The word "cockup" denotes a blunder in colloquial English; this prompted Denis Norden to visit the fell in an edition of It'll be Alright on the Night, a programme featuring outtakes from film and television. The fell's name has also been adopted for a local beer brewed by the Hesket Newmarket Brewery, "Great Cockup Porter".

==Topography==
The fell has a series of stone-built grouse butts 500 m west of the summit, some of which have been dismantled leaving just the foundations in the ground; they can confuse walkers as to their original purpose. The lower southern slope of the fell has a large, isolated boulder which is marked on large-scale maps; this is thought to be an erratic left by a retreating glacier. The fell has also yielded some rare fossils with unusual forms of dendroid graptolites being found on the slopes.

==Ascent==
Great Cockup is almost always ascended from the hamlet of Orthwaite following the bridleway up Hause Gill for 2 km and then leaving it and ascending Great Cockup's steep southern slopes to the summit.

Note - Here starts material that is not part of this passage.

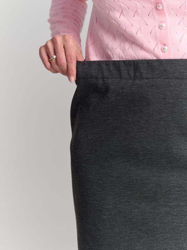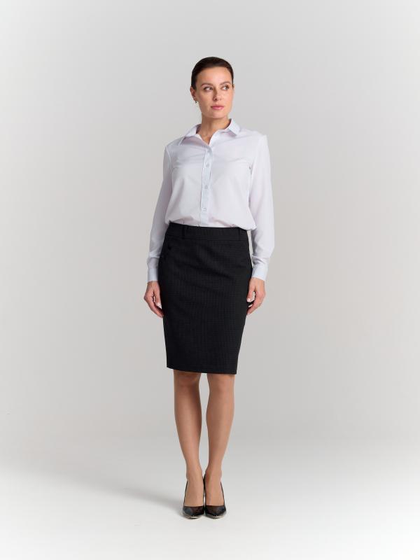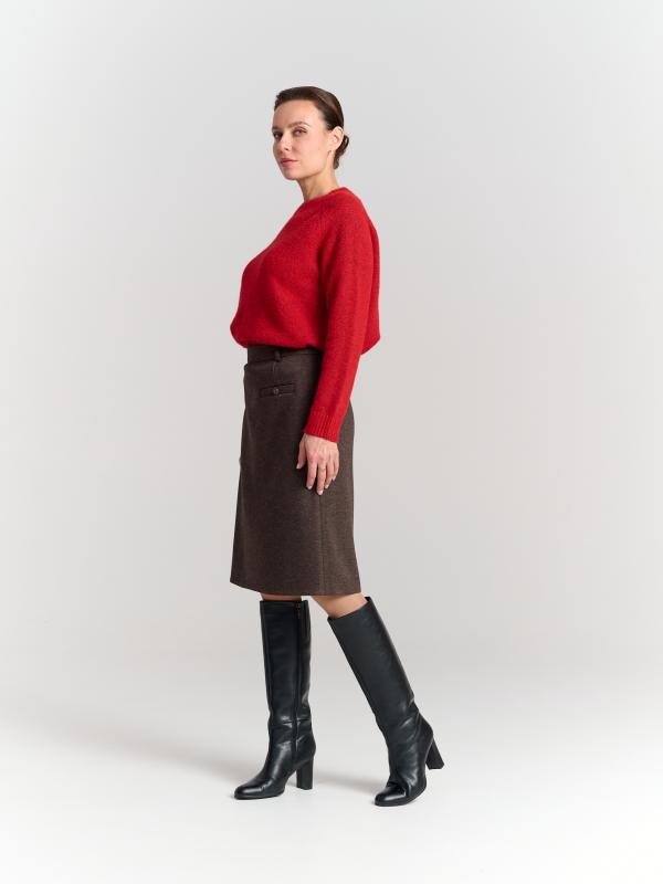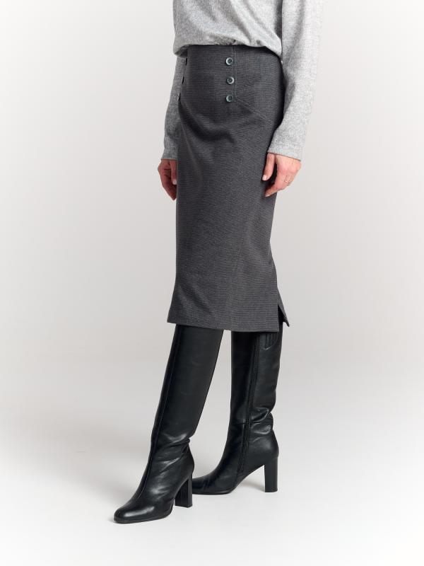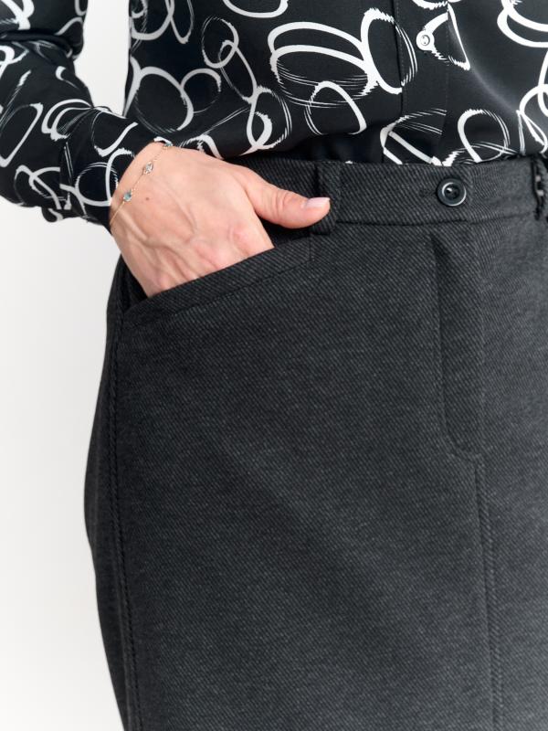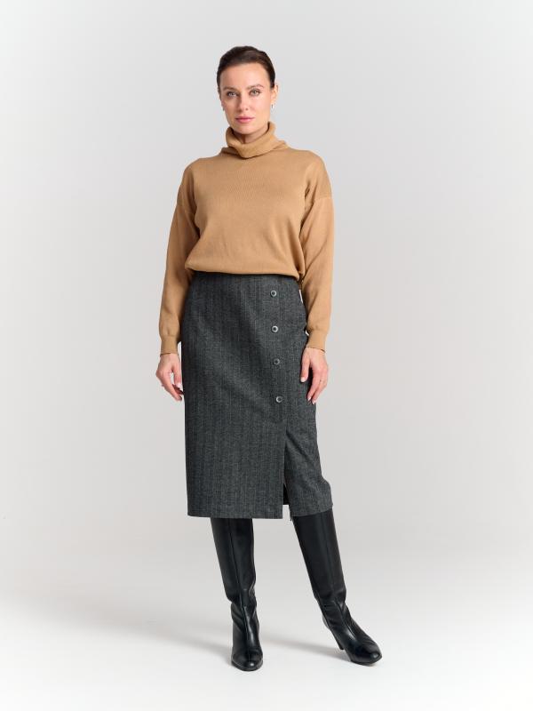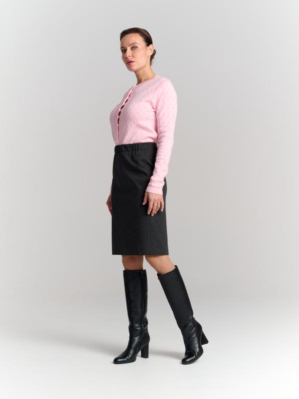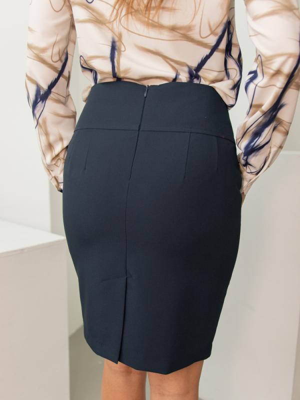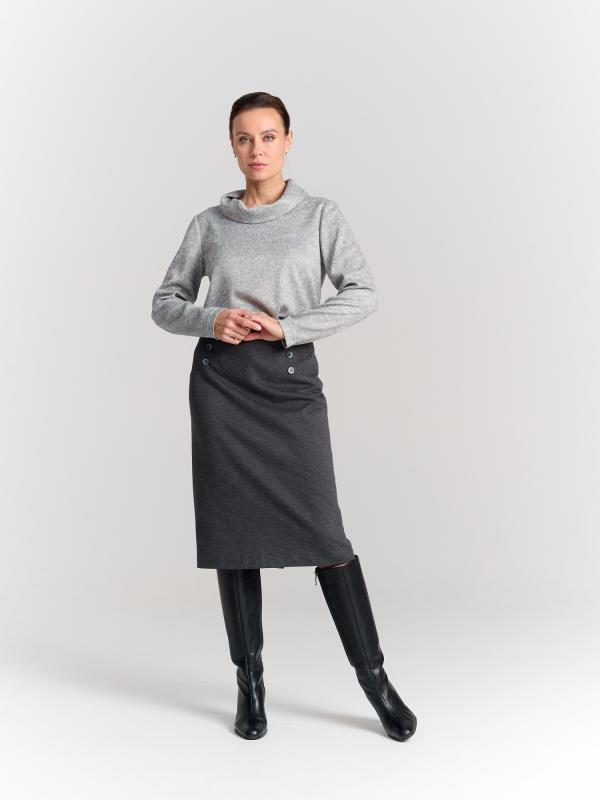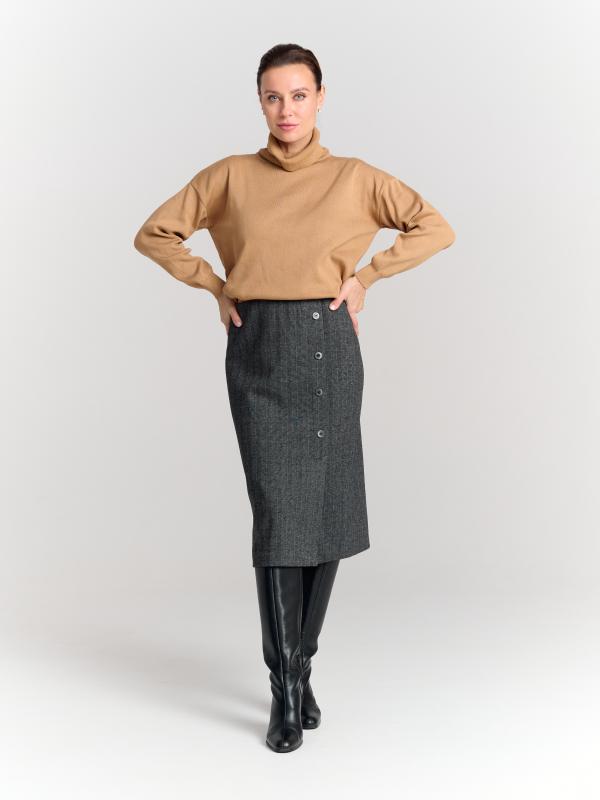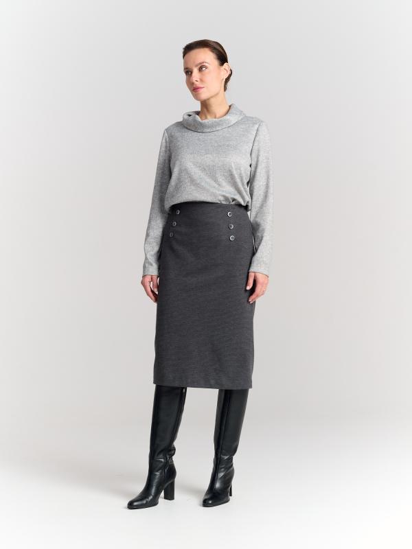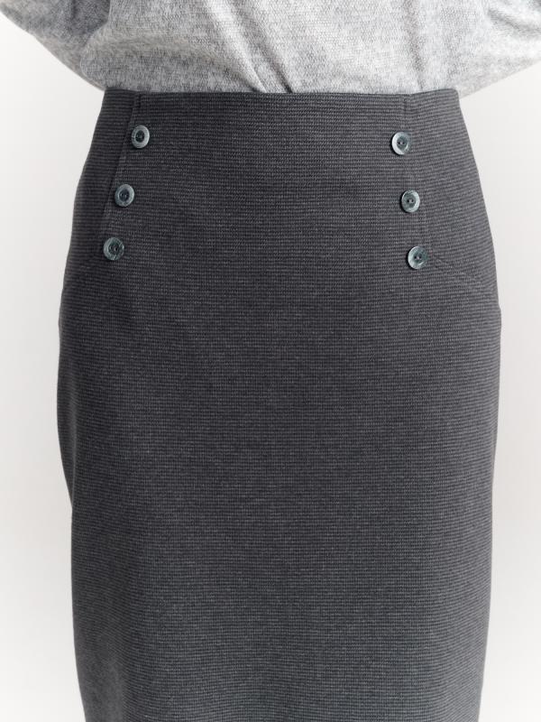 Женская юбка прямого силуэта, зауженная к низу, на подкладке, с обтачным поясом. Застежка расположена сзади по среднему шву на потайную тесьму молнию. Прекрасный вариант теплой юбки, сочетающий в себе фигурные рельефы по бокам, декорированные пуговицами.

A direct ascent over Little Cockup is possible but the bracken can be thick at certain times of the year. Great Cockup is separated from Meal Fell, 1.5 km to the east, by the pass of Trusmadoor.

==Summit==
The view from the summit is dominated by a good view of Skiddaw's northern slopes while there is an excellent open outlook towards the Scottish Borders.

== In popular culture ==
On 12 October 1996 Denis Norden presented the TV show It'll Be Alright on the Night in episode 15 Alright on the Night's Cockup Trip. This decision was made as the name of the hill references the theme and content of It'll Be Alright on the Night, which is mistakes made in TV shows.

On 21 December 2020, YouTuber Tom Scott posted a video where he hiked Great Cockup whilst he gave a monologue to camera, in homage to the aforementioned TV show's title sequence which took place on the hill.